2015-12-09 Thread Karl Denninger
I doubt very much that's involved; I have multiple production systems
with dynamic_write_buffer turned on and I've yet to see a panic from
periodic activity or anything like it.

The only panic I've got open right now that's related to ZFS happens
during a send/receive backup and it's able to be reproduced only with
difficulty (it looks to be a problem in snapshot management as I've
isolated it fairly well but haven't yet found the root cause) -- and it
can be coaxed out of a bare "clean" -STABLE install with no ZFS patches
in at all.  (The codepath that results in the panic doesn't have a
logical connection to that patch, but I tested without it anyway just to
make sure.)

On 12/9/2015 15:15, Dustin Wenz wrote:
> Are you by chance using the ARC patch from this PR?
>
> https://bugs.freebsd.org/bugzilla/show_bug.cgi?id=187594
>
> Do you have a vfs.zfs.dynamic_write_buffer tunable defined, if so, what is it 
> set to?
>
>   - .Dustin
>
>
>> On Dec 9, 2015, at 3:51 AM, Alexander Leidinger  
>> wrote:
>>
>> On Wed, 09 Dec 2015 09:38:07 +0100
>> Miroslav Lachman <000.f...@quip.cz> wrote:
>>
>>> Alexander Leidinger wrote on 12/09/2015 09:00:
 Does this ring a bell for someone or any ideas before I try to hunt
 this down?
>>> The same problem was reported yesterday on Stable
>>>
>>> Periodic jobs triggering panics in 10.1 and 10.2
>>> https://lists.freebsd.org/pipermail/freebsd-stable/2015-December/083807.html
>>>
>>> Also ZFS with jails.
>> The above mail has a backtrace involving ZFS.
>>
>> I'm running the periodic scripts serially now, 8 out of 14 already
>> finished without issues. Smells like a concurrency issue.
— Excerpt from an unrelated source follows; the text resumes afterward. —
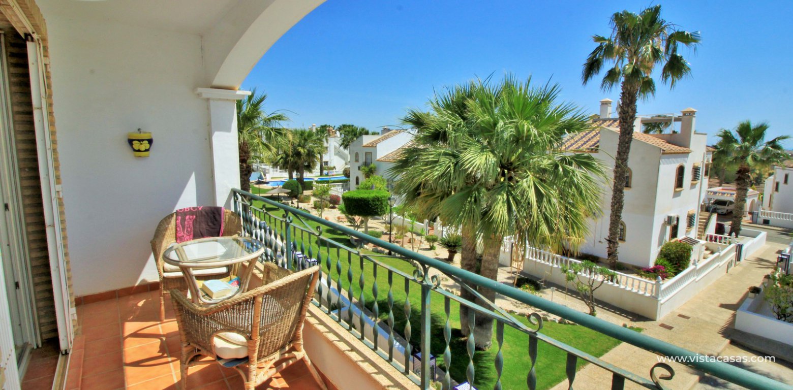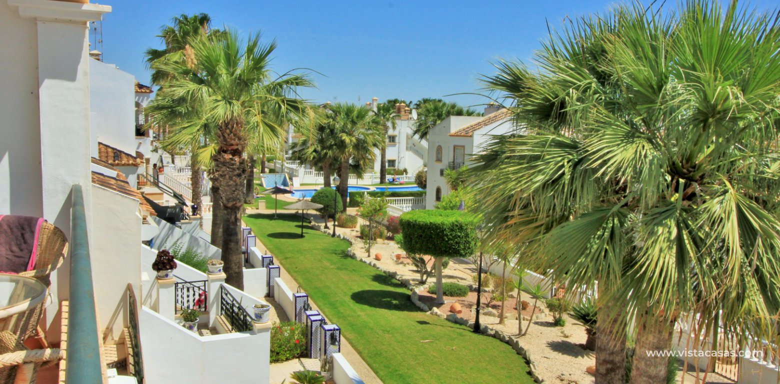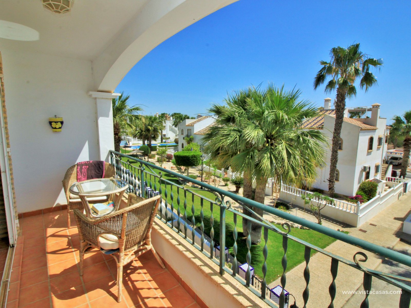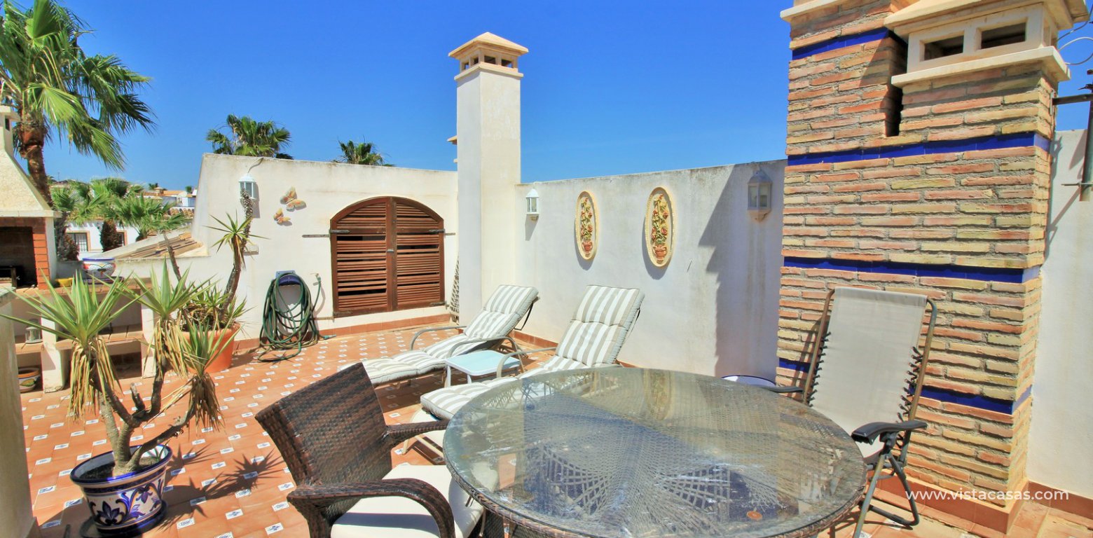 The living accommodation comprises of a lounge-dining area with fireplace, a fully fitted kitchen complete with white goods and a utility area, 2 bedrooms with fitted wardrobes and a family bathroom. The master bedroom offers an en-suite bathroom with walk-in shower plus a Juliet balcony. Patio doors from the lounge leads onto the covered balcony, a perfect place to enjoy a meal or morning coffee with views of the pool. External stairs from the balcony leads to the roof solarium which offers great sea views. The apartment has beautiful marble flooring throughout. Part of a community with the use of a beautiful pool with green areas, and off-road communal parking.

I would
>> assume it's something introduced between 5 and 1 month ago and MFCed
>> back to 10.
>>
>> Does this ring a bell for someone on fs@?
>>
>> Bye,
>> Alexander.
>>
>> -- 
>> http://www.Leidinger.net alexan...@leidinger.net: PGP 0xC773696B3BAC17DC
>> http://www.FreeBSD.orgnetch...@freebsd.org  : PGP 0xC773696B3BAC17DC
>> ___
>> freebsd-stable@freebsd.org mailing list
>> https://lists.freebsd.org/mailman/listinfo/freebsd-stable
>> To unsubscribe, send any mail to "freebsd-stable-unsubscr...@freebsd.org"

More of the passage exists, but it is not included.